Members of Metro Detroit’s LGBT community and allies are mourning the victims of the Orlando nightclub shooting.
A group held a vigil for them at Ferndale City Hall tonight.
Julia Music is the chair of Ferndale Pride.
She called the attack an act of “hate, terrorism, and ignorance.”
But Music urged the group to keep welcoming Muslims, who she says have just started to join Detroit’s LGBT community “in visible numbers.”
“Please open your arms wide to them,” Music said. “I’ve heard their stories. And they face unspeakable acts of discrimination, just by being Muslims in our country.
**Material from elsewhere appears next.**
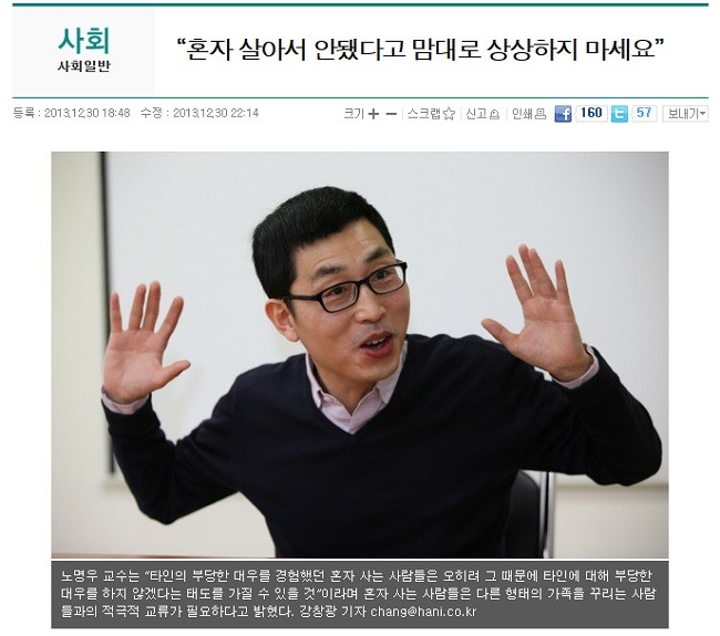 [한겨레] "혼자 살아서 안됐다고 맘대로 상상하지 마세요"

Please don’t perpetuate that hate.”
Similar vigils around Michigan Sunday night also marked the deaths of the 50 people in Orlando.
In Ann Arbor, people gathered at a courtyard that hosted a celebration almost a year ago after the U.S. Supreme Court legalized same-sex marriage.
Rosalee Wright says she’s the mother of a gay son. She wants to see stricter gun laws.
“We have got to change laws that will make it much for difficult to get a gun that sounded like the beat of a song in a night spot because it was such a fast and furious fuselage,” she said.
There are 48 bills before the Michigan Legislature dealing with guns.
Stephenie White is the executive director of Equality Michigan. She says adding LGBT protections to the state’s civil rights law would be a step in the right direction.
“It says we’re not second-class citizens, and as long as we still are second-class citizens, unfortunately, there are a lot of people who are sad an unstable who will take that to violent ends,” she said. “This was a sad, stark reminder of how much our community is seen as disposable, as second-class, as other, and as a valid target.”
The effort to add LGBT protections to the civil rights law is stalled in the Michigan Legislature, along with a bill to enact a Michigan Religious Freedom Restoration Act.
Leaders of Michigan’s Muslim community have also condemned the Orlando attack.
Governor Rick Snyder ordered flags at state buildings to be flown at half-staff in memory of those killed.
Members of Michigan congressional delegation also expressed sympathy.
U.S. Rep. Brenda Lawrence, D-Southfield, said “the epidemic of gun violence in America must come to an end.”